> WHAT YOU SHOULD DO: Write out, word for word and with no pictures, each line below from the one containing "An early to" through the one containing "地震による免震プレートの湾曲", both included, and no other line.

==== RECORDS FOR THE TASK ====

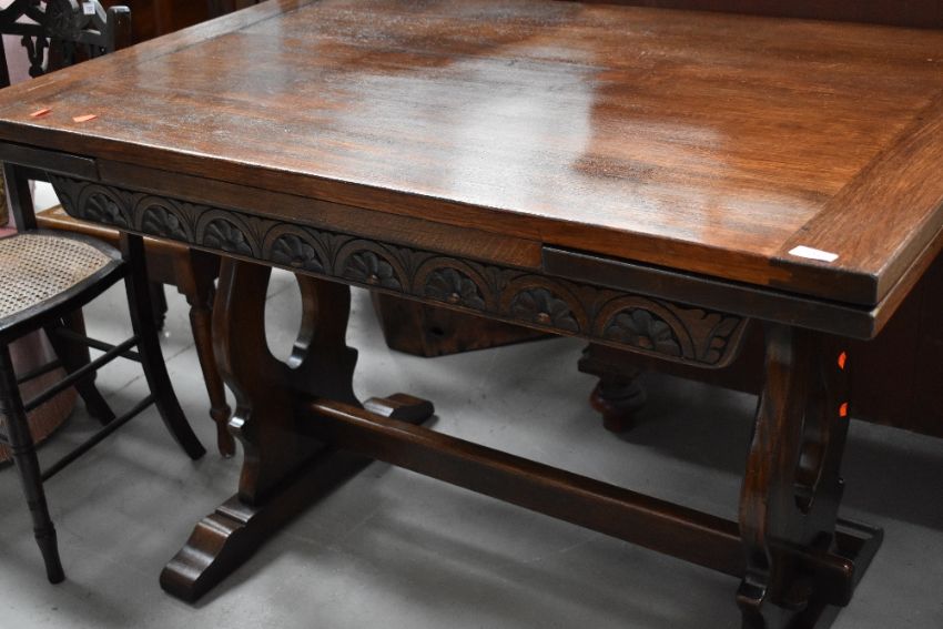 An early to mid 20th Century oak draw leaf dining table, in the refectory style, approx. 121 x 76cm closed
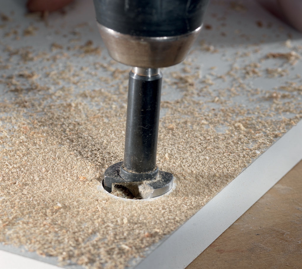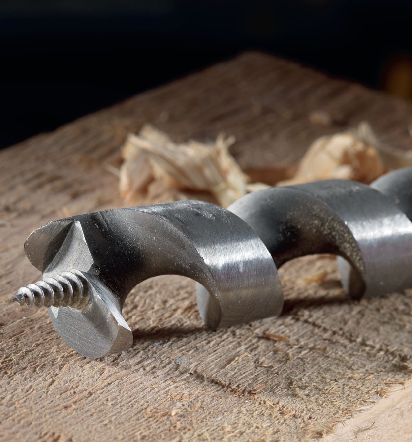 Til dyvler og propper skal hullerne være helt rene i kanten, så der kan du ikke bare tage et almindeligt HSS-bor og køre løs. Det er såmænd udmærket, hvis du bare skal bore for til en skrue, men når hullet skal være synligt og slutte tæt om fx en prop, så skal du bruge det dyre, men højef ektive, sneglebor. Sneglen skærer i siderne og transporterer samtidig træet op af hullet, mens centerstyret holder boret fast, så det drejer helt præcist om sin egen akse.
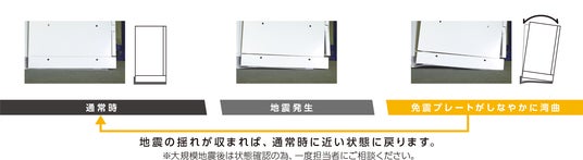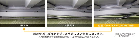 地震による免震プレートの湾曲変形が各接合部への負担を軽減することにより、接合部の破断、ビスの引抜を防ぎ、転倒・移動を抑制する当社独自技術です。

====
==== RECORDS FOR THE TASK ====

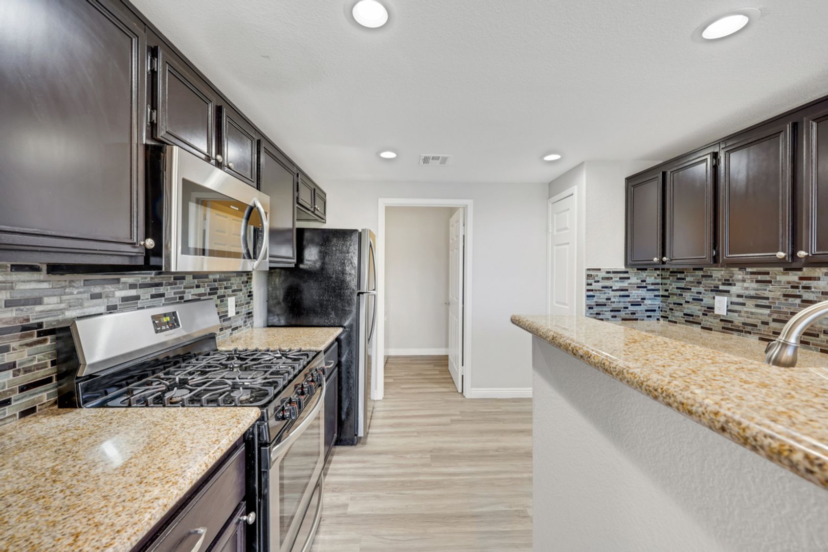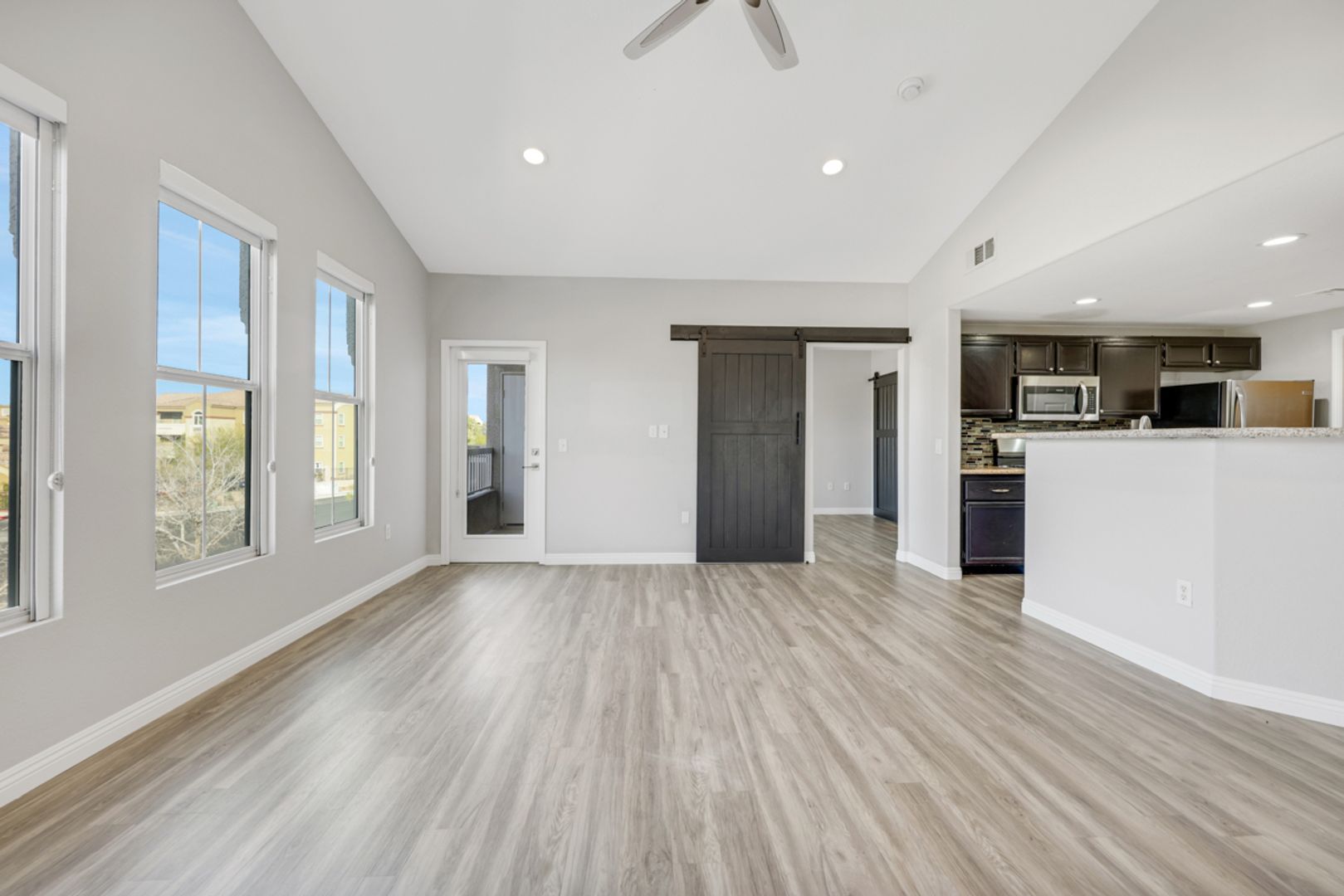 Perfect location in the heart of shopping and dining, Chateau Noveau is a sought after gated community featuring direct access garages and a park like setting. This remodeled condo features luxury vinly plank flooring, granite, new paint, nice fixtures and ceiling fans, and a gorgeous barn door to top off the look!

====

> TASK RESPONSE:
 An early to mid 20th Century oak draw leaf dining table, in the refectory style, approx. 121 x 76cm closed
 Til dyvler og propper skal hullerne være helt rene i kanten, så der kan du ikke bare tage et almindeligt HSS-bor og køre løs. Det er såmænd udmærket, hvis du bare skal bore for til en skrue, men når hullet skal være synligt og slutte tæt om fx en prop, så skal du bruge det dyre, men højef ektive, sneglebor. Sneglen skærer i siderne og transporterer samtidig træet op af hullet, mens centerstyret holder boret fast, så det drejer helt præcist om sin egen akse.
 地震による免震プレートの湾曲変形が各接合部への負担を軽減することにより、接合部の破断、ビスの引抜を防ぎ、転倒・移動を抑制する当社独自技術です。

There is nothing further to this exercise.